**Task goal**
Only the lines from the beginning of the material below through the line with "Stand out from" should be retyped exactly, and pictures are to be skipped.
——————
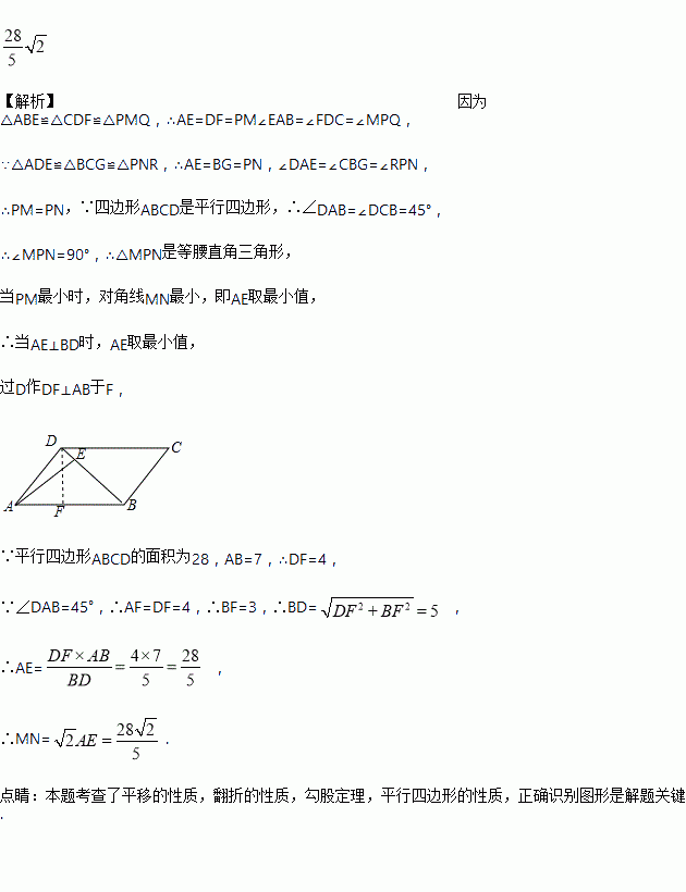 如图,面积为28的平行四边形纸片ABCD中,AB=7,∠BAD=45°,按下列步骤进行裁剪和拼图.
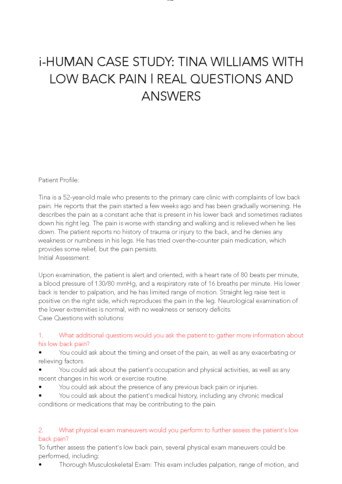 Master i-Human's Tina Williams case study on low back pain. This comprehensive guide provides real questions and answers, helping students ace their exams on the first attempt and avoid resits. Ideal for the 2024-2025 academic year.
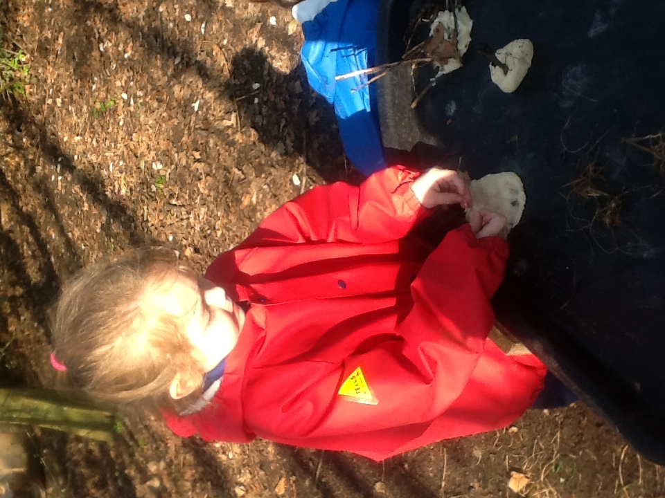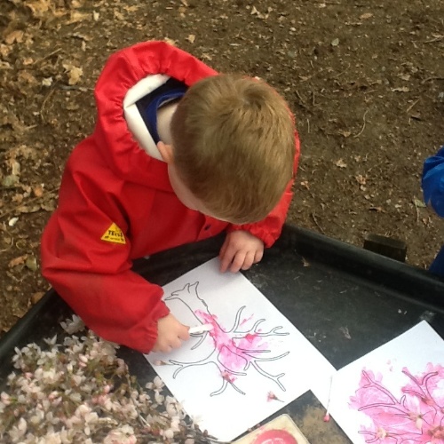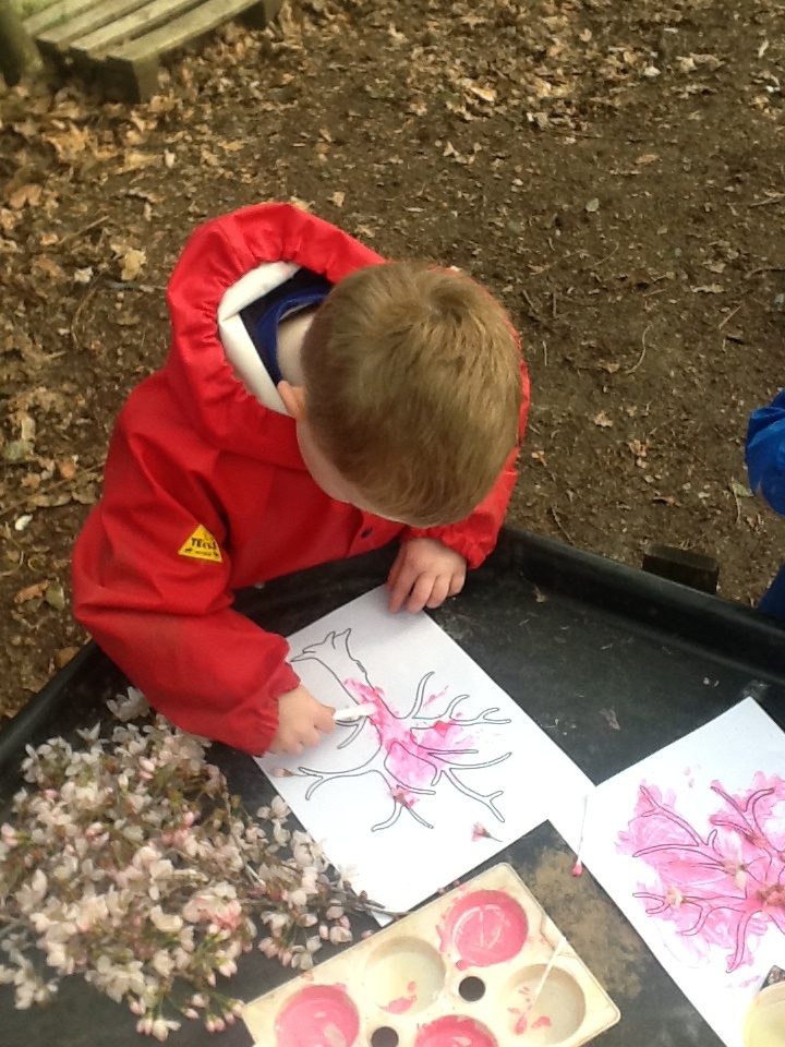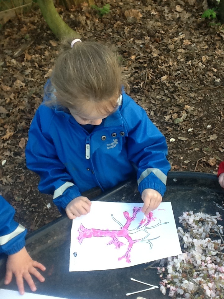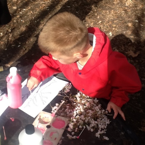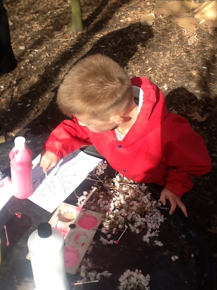 The children started the week, enjoying play activities in the forest, searching for signs of spring, bug hunting and more blossom painting.
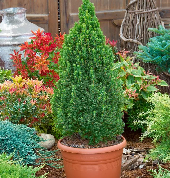 Die Weiß-Fichte (Picea glauca) ist ein Baum, welcher aufrecht wächst und gewöhnlich eine Höhe von ca. 5 m und eine Breite von ca. 2,5 m erreicht. Ihre nadelförmigen Blätter haben eine blau-grüne Färbung. Dieses Gehölz ist gut frostverträglich. Sie bevorzugt durchlässigen Boden in sonniger bis halbschattiger Lage.
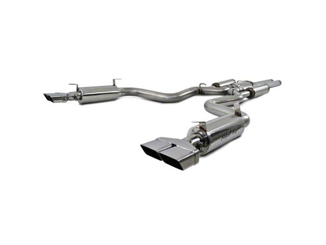 Stand out from the crowd with a performance exhaust system that sounds great. This Armor Pro Cat Back Exhaust System includes extension pipe, resonator, tailpipes, mufflers, hardware, and quad rectangular tips. It features a dual split rear exit design and is constructed from T304 Stainless Steel.
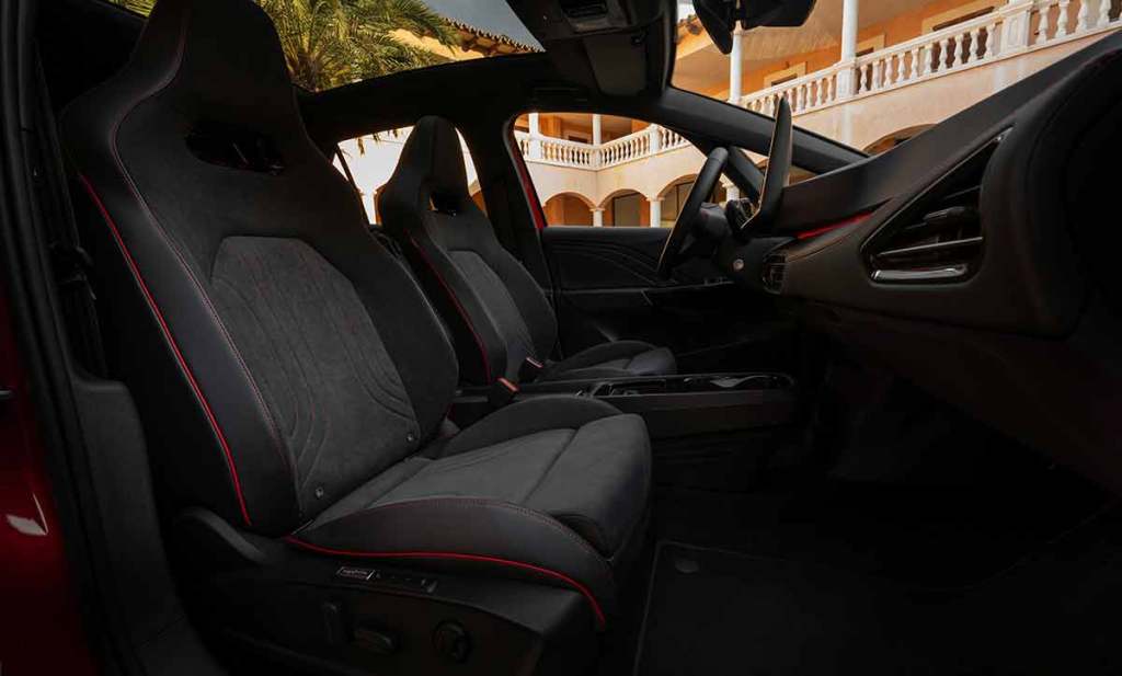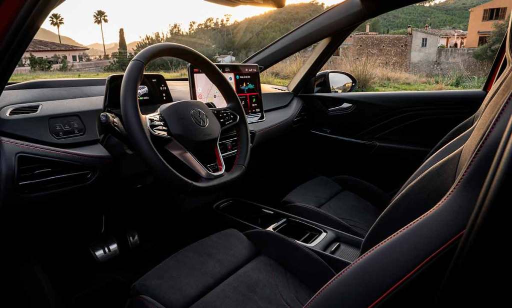 À bord de la Volkswagen ID.3 GTX, on trouve tout d’abord une belle sellerie. On découvre de jolis sièges semi-baquets Top Sport, proposés en option. Ils sont composés d’un revêtement en textile et d’ArtVelours. Ils disposent également de surpiqûres rouges, ce qui est la couleur de présentation de la gamme GTX. Pour plus de confort, il sera aussi possible de choisir des sièges ergoActive. Peu d’évolutions majeures dans cet habitacle mais on remarque l’intégration d’un écran plus grand, qui atteint désormais 12,9 pouces, contre 12,0 pouces sur les autres finitions. Volkswagen aurait également revu son interface numérique, s’appuyant notamment sur l’intelligence artificielle ChatGPT pour certaines fonctionnalités.
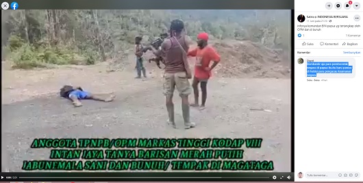 Dalam video tersebut, sekelompok pria bersenjata menembaki seorang pria yang sudah terkapar tak berdaya di atas. Pria-pria tersebut sambil meneriaki Papua Merdeka.
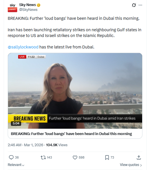 BREAKING: Further 'loud bangs' have been heard in Dubai this morning. Iran has been launching retaliatory strikes on neighboring Gulf states in response to US and Israeli strikes on the Islamic Republic. @sallylockwood has the latest live from Dubai. March 1st, 2026 https://x.com/SkyNews/status/2028013938302943304 3/1/2026 https://files.catbox.moe/3xxlng.mp4
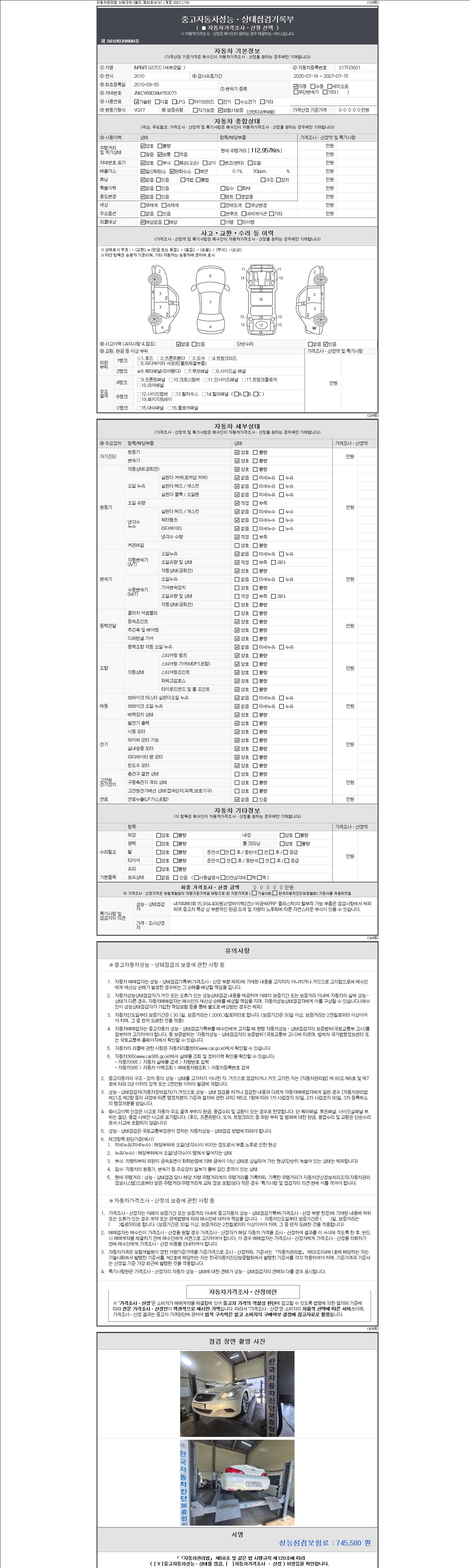 | 주행거리 | 112,957 km | 차량번호 | 317더3601 | 사고유무 | 성능기록부 참조 | 제시번호 | 제 2147483647 호 |
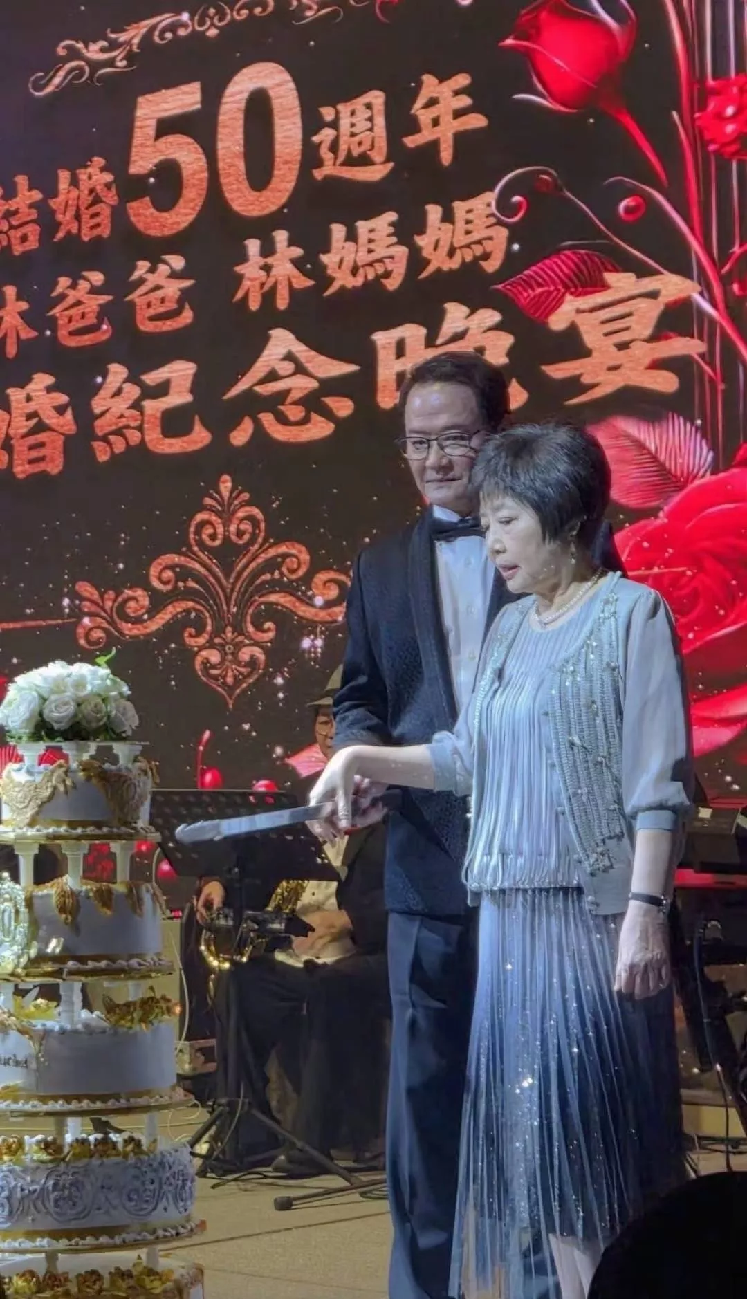 当晚,75岁的林爸爸罕见出现在公众面前,身穿西装,精神状态看起来很年轻。林妈妈打扮得同样得体,两人一同登台切蛋糕,这对携手数十年的夫妻依旧情谊深厚。
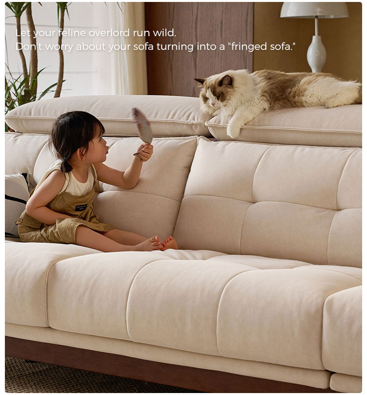 โซฟา LINSY ออกแบบมาสำหรับบ้านสมัยใหม่ โดดเด่นด้วยรูปทรงเพรียวบางและโทนสีเทาที่เป็นกลาง เข้ากับทุกสไตล์การตกแต่งได้อย่างลงตัว แต่ความงามที่แท้จริงซ่อนอยู่ภายใต้พื้นผิว หุ้มด้วยผ้าคุณภาพสูงที่ทนทานต่อรอยขีดข่วน จึงทนทานต่อรอยเท้าแมวและการใช้งานในชีวิตประจำวันได้อย่างสบาย เคล็ดลับคืออะไร? วัสดุที่ออกแบบมาเป็นพิเศษนี้ทอด้วยเส้นใยความหนาแน่นสูงเพื่อทนต่อรอยขีดข่วน รอยดึง และคราบสกปรก และยังมีคุณสมบัติกันน้ำเพื่อการทำความสะอาดที่ง่ายดาย
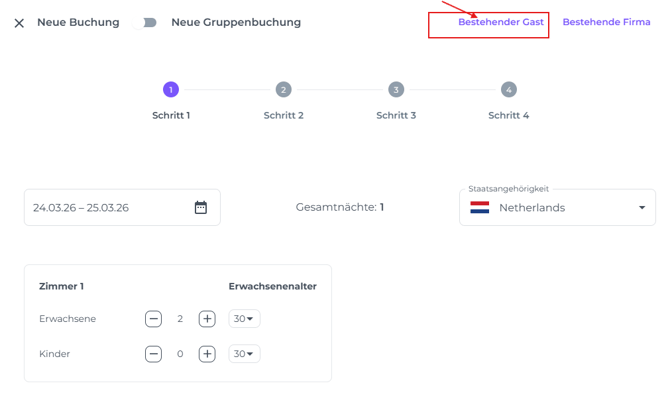 Für wiederkehrende Buchende (oder Gäste, falls der Buchende selbst übernachtet), klicke auf Bestehender Gast, um nach dem Profil zu suchen.
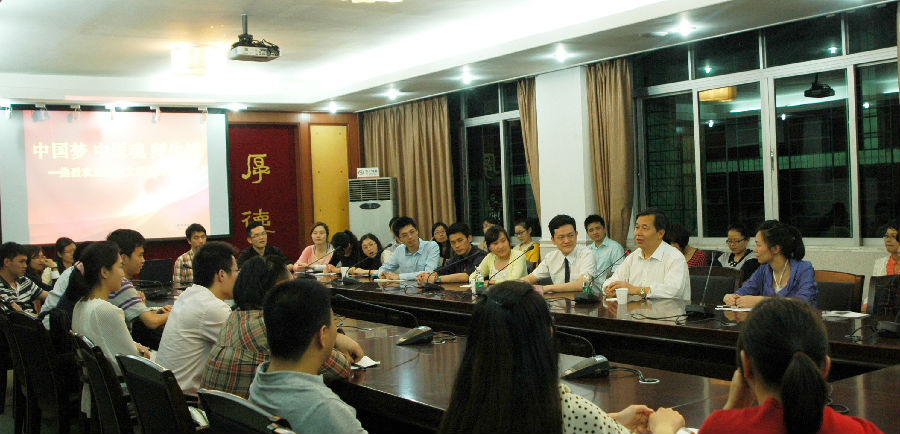 3月19日晚,应研究生会的邀请,刚刚出席完两会返回广州的新当选全国人大常委陈蔚文教授不顾风雨劳顿,走到研究生当中来传达最新两会精神、倾听学生心声。来自全校的50余名研究生代表在欢迎导师归来的同时,认真聆听了陈教授的精彩报告。
——————
**Answer box**
 如图,面积为28的平行四边形纸片ABCD中,AB=7,∠BAD=45°,按下列步骤进行裁剪和拼图.
 Master i-Human's Tina Williams case study on low back pain. This comprehensive guide provides real questions and answers, helping students ace their exams on the first attempt and avoid resits. Ideal for the 2024-2025 academic year.
 The children started the week, enjoying play activities in the forest, searching for signs of spring, bug hunting and more blossom painting.
 Die Weiß-Fichte (Picea glauca) ist ein Baum, welcher aufrecht wächst und gewöhnlich eine Höhe von ca. 5 m und eine Breite von ca. 2,5 m erreicht. Ihre nadelförmigen Blätter haben eine blau-grüne Färbung. Dieses Gehölz ist gut frostverträglich. Sie bevorzugt durchlässigen Boden in sonniger bis halbschattiger Lage.
 Stand out from the crowd with a performance exhaust system that sounds great. This Armor Pro Cat Back Exhaust System includes extension pipe, resonator, tailpipes, mufflers, hardware, and quad rectangular tips. It features a dual split rear exit design and is constructed from T304 Stainless Steel.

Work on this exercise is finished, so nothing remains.